> [Recorded data]
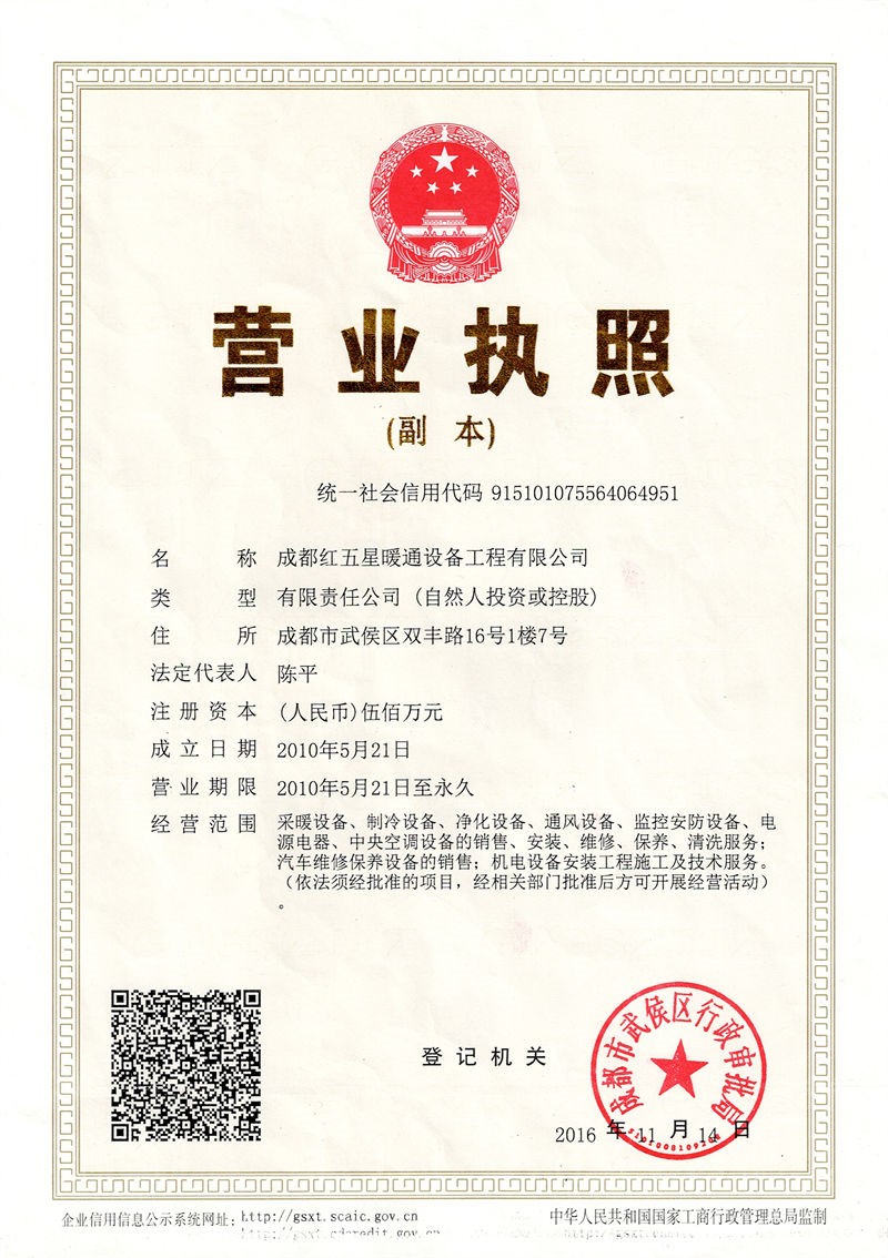 成都紅五星暖通設備工程有限公司營業(yè)執(zhí)照
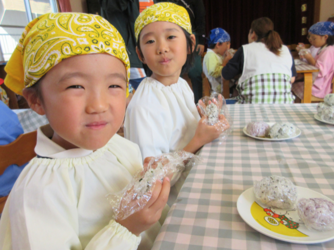 園児らはフレミズ部員に教えてもらいながらおにぎりを握り、丸いおにぎりや三角のおにぎりなど様々な形のおにぎりが完成しました。
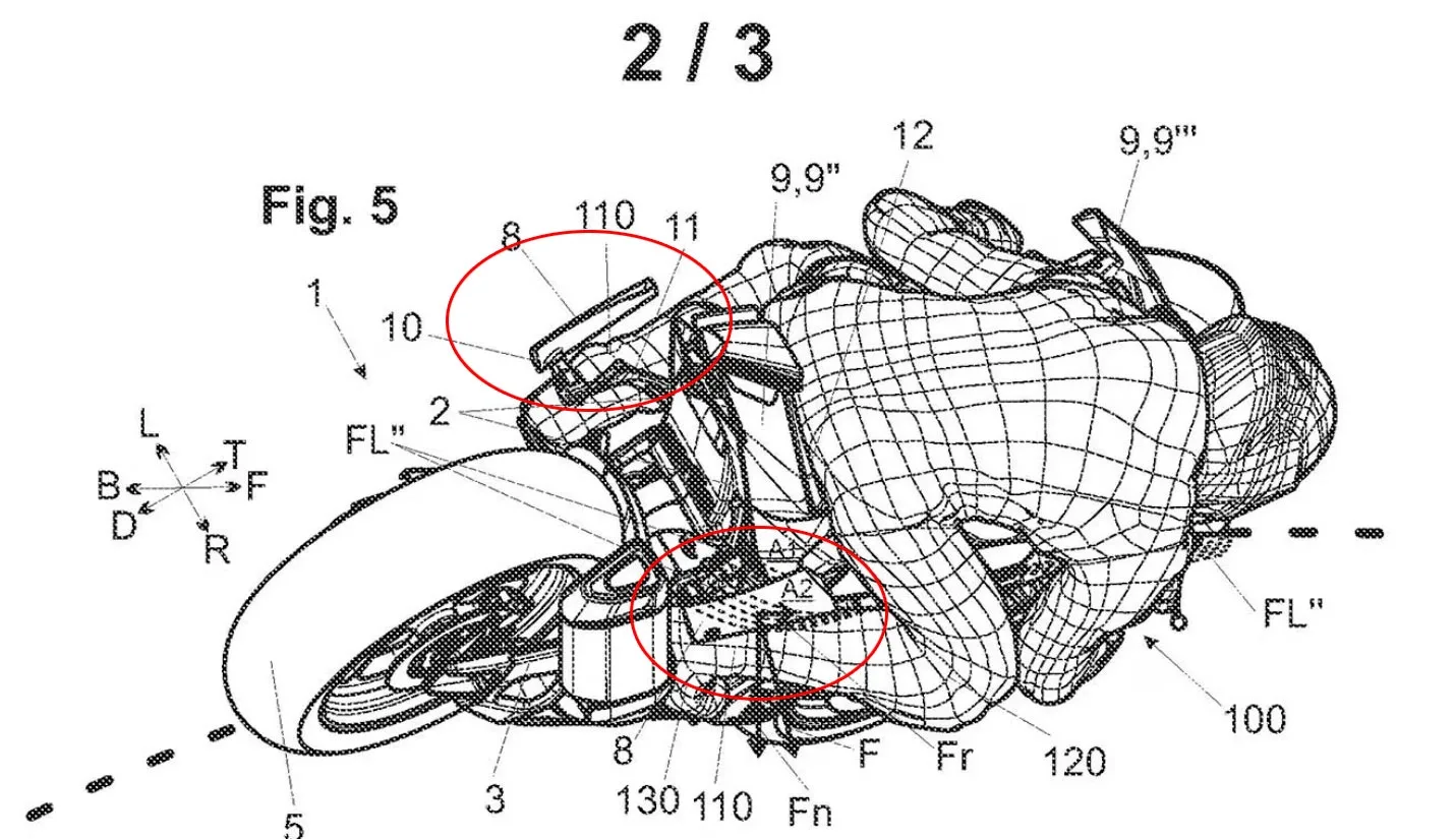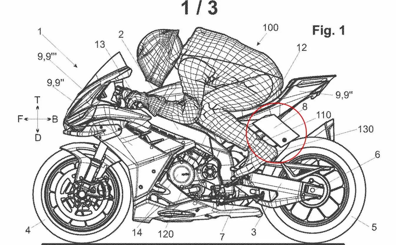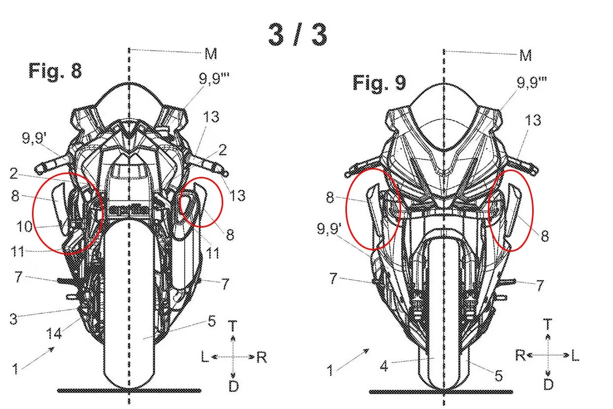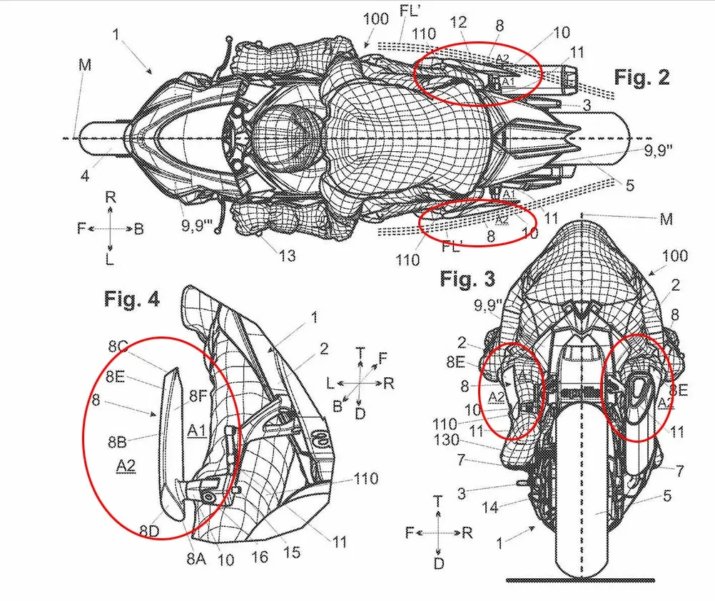 Kalau sobat Menyaksikan gambar patennya, leg wing ini berupa sirip tambahan yang diletakkan di sisi samping fairing tengah, Cocok di depan area kaki pengendara. Berbeda dengan winglet depan yang Konsentrasi mencari beban tekan (downforce) pada ban depan, paten ini Mempunyai tujuan ganda: Aerodinamika dan Thermal Management.

> [Task requirements] The material above must be reproduced line for line, with the images omitted.

> [Your solution]
 成都紅五星暖通設備工程有限公司營業(yè)執(zhí)照
 園児らはフレミズ部員に教えてもらいながらおにぎりを握り、丸いおにぎりや三角のおにぎりなど様々な形のおにぎりが完成しました。
 Kalau sobat Menyaksikan gambar patennya, leg wing ini berupa sirip tambahan yang diletakkan di sisi samping fairing tengah, Cocok di depan area kaki pengendara. Berbeda dengan winglet depan yang Konsentrasi mencari beban tekan (downforce) pada ban depan, paten ini Mempunyai tujuan ganda: Aerodinamika dan Thermal Management.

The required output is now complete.